• _Data to process_:
┌──
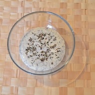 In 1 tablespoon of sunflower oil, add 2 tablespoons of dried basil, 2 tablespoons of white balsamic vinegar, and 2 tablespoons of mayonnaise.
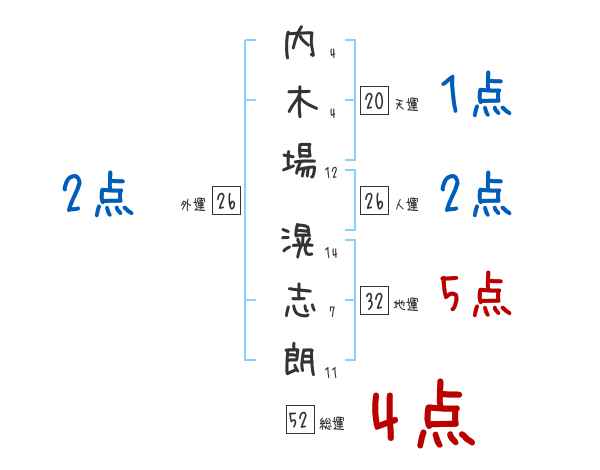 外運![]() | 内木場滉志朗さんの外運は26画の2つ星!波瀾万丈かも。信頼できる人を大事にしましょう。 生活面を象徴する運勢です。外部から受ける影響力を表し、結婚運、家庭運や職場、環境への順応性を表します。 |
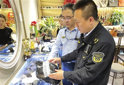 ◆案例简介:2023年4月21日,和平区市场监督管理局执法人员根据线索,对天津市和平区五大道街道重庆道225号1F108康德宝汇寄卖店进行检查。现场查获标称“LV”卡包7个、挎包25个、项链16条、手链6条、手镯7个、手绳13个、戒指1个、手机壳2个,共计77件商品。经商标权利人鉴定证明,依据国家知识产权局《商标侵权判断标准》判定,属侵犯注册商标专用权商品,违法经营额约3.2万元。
└──
┌──
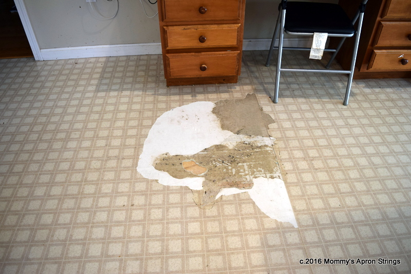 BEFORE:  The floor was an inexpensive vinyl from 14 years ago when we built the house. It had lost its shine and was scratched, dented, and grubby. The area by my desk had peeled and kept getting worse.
└──
┌──
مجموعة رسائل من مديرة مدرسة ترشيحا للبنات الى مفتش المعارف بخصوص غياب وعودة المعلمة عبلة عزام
└──
• _Task description_: Using the records above, print exactly the run of lines that starts with the line with "In 1 tablespoon" and goes on through the line with "外運![]() | 内木場滉志朗さんの外運は26画の2つ星!波瀾万丈かも。信頼できる人を大事にしましょう。", pictures excluded.

• _Answer_:
 In 1 tablespoon of sunflower oil, add 2 tablespoons of dried basil, 2 tablespoons of white balsamic vinegar, and 2 tablespoons of mayonnaise.
 外運![]() | 内木場滉志朗さんの外運は26画の2つ星!波瀾万丈かも。信頼できる人を大事にしましょう。 生活面を象徴する運勢です。外部から受ける影響力を表し、結婚運、家庭運や職場、環境への順応性を表します。 |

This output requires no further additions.